After college, Justin plans to come home.

"I don't know how long we'll be able to keep going," he said. "You've got to love what you're doing. And having all this responsibility. . . . There's days where I love it. I love being outside and working. I think this place is beautiful.

"Then there are times where I ask, 'You really want to do this?' " he said.

Lindsay giggled. She still has a year of high school, and beyond that her future is a huge question mark.

"I want to do more than stay home on the farm," she said.

She wants to educate people about farming, especially young students who sometimes come to the farm for tours in search of the cow that produces chocolate milk.

For Jessica, the future will be here next spring, and she is a little ambivalent. She spent the summer at an internship with a Richmond estate appraisal company and a few weekends helping at the farm.

"I can see myself contributing" to the farm, she said. "Yes, I want to see how I can add to it."
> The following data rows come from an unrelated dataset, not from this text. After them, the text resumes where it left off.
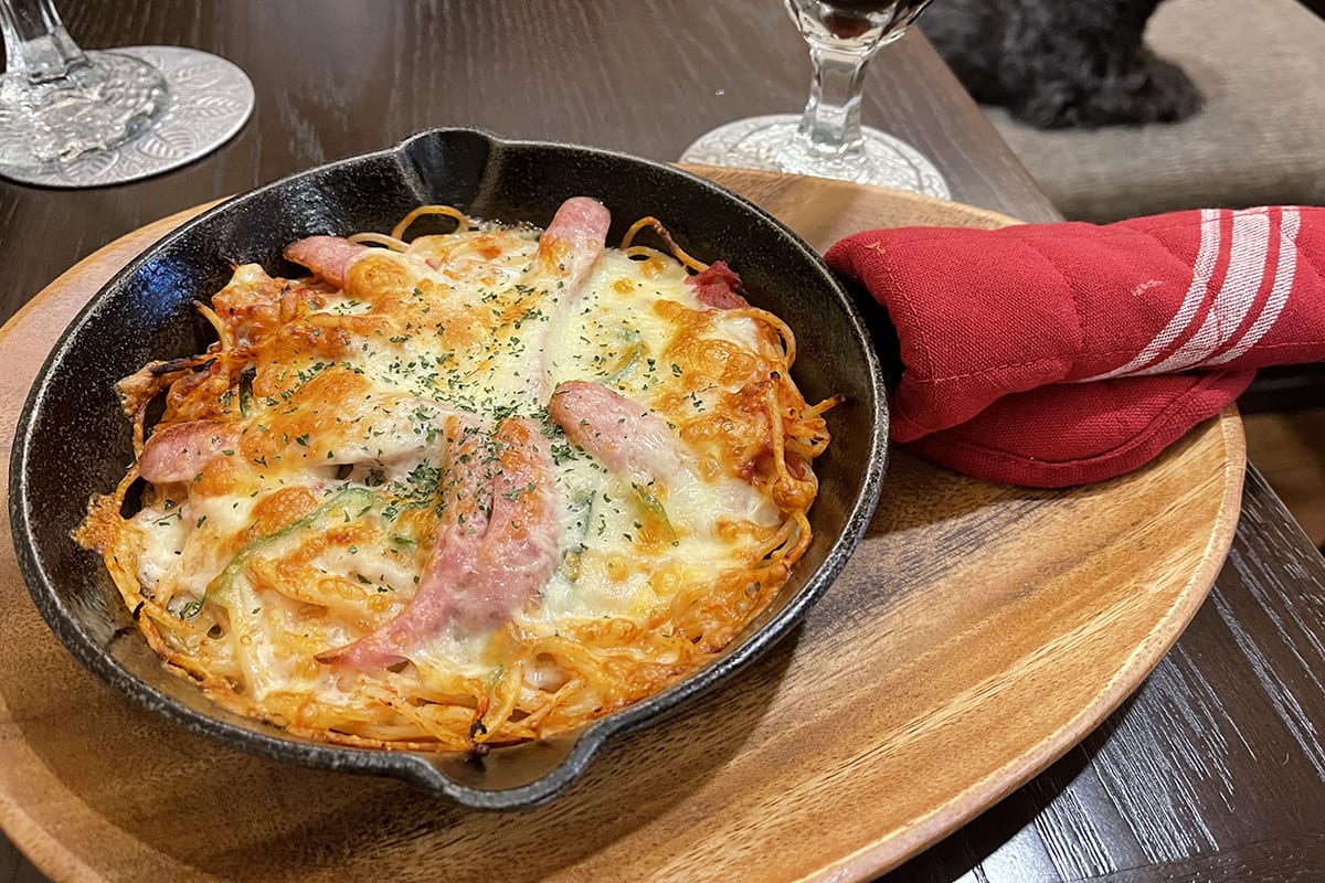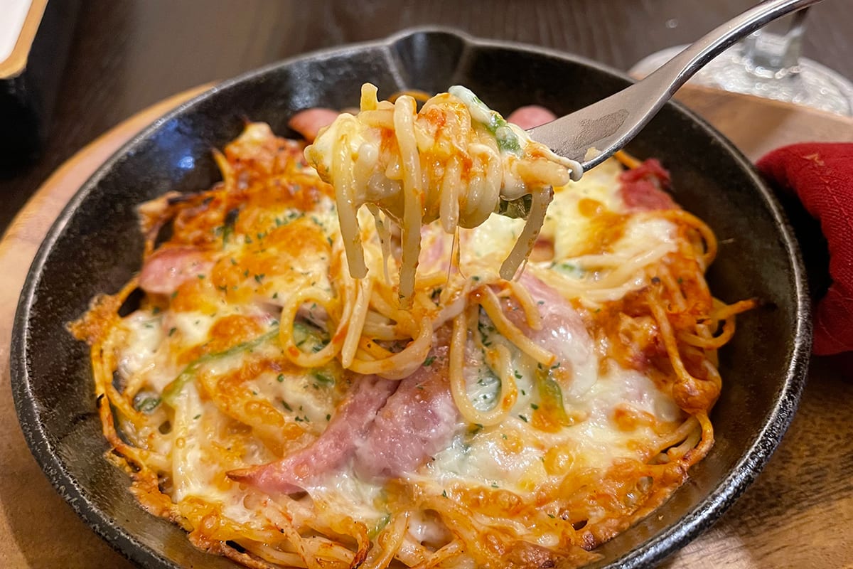 お次は同行した編集部員がオーダーしたナポリタン!こちらはスキレットの鉄板に乗って、チーズがたっぷり熱々に仕上がっている。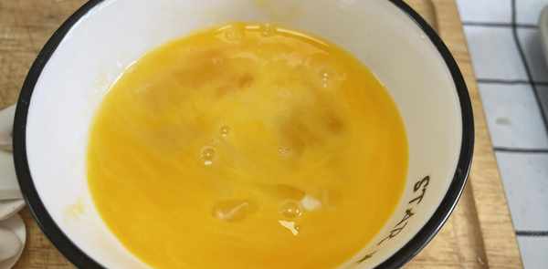 1。在碗中打一些鸡蛋并混合;香菇洗净,切成薄片;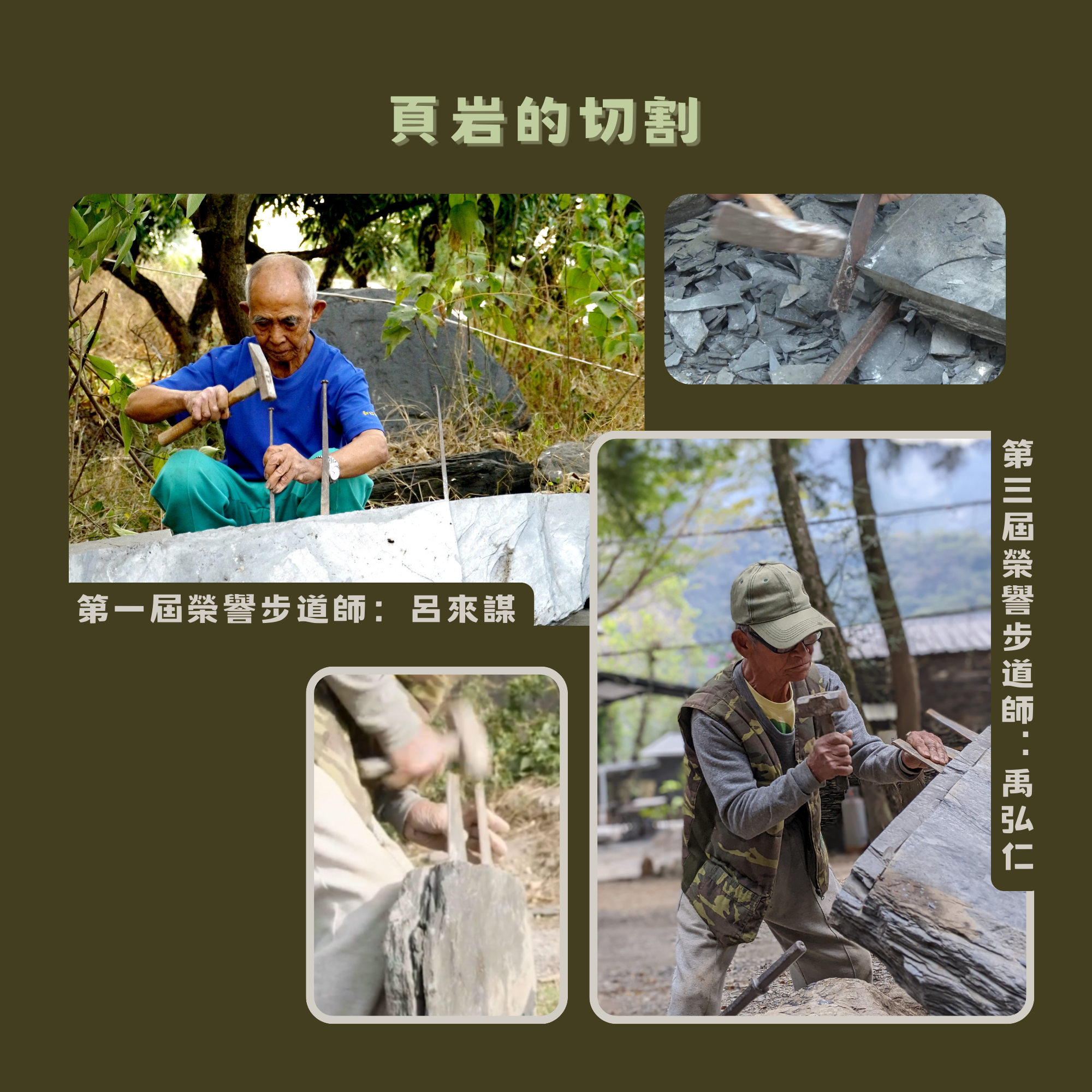 但是頁岩的質地跟其他石頭不同,所以這裡的鑿子是扁扁的,第三屆榮譽步道師禹弘仁就有一個非常精采的示範。
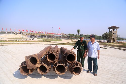 Nhiều hạng mục ở bờ nam di tích quốc gia đặc biệt Hiền Lương - Bến Hải được phục dựng như cột cờ, dàn loa phóng thanh, đồn cảnh sát…

Her mother has cautioned them about coming back too soon, taking the reins too early. For her, the daughter of an Air Force colonel, and, Eddie, 49, it was an obvious place to raise a close-knit family after he served his Army stint as a milk inspector.

For Justin, there is pride in knowing he can take the reins.

"Our family has stayed with it for so long," he said. "To think we can still operate in what Loudoun County has become is something special."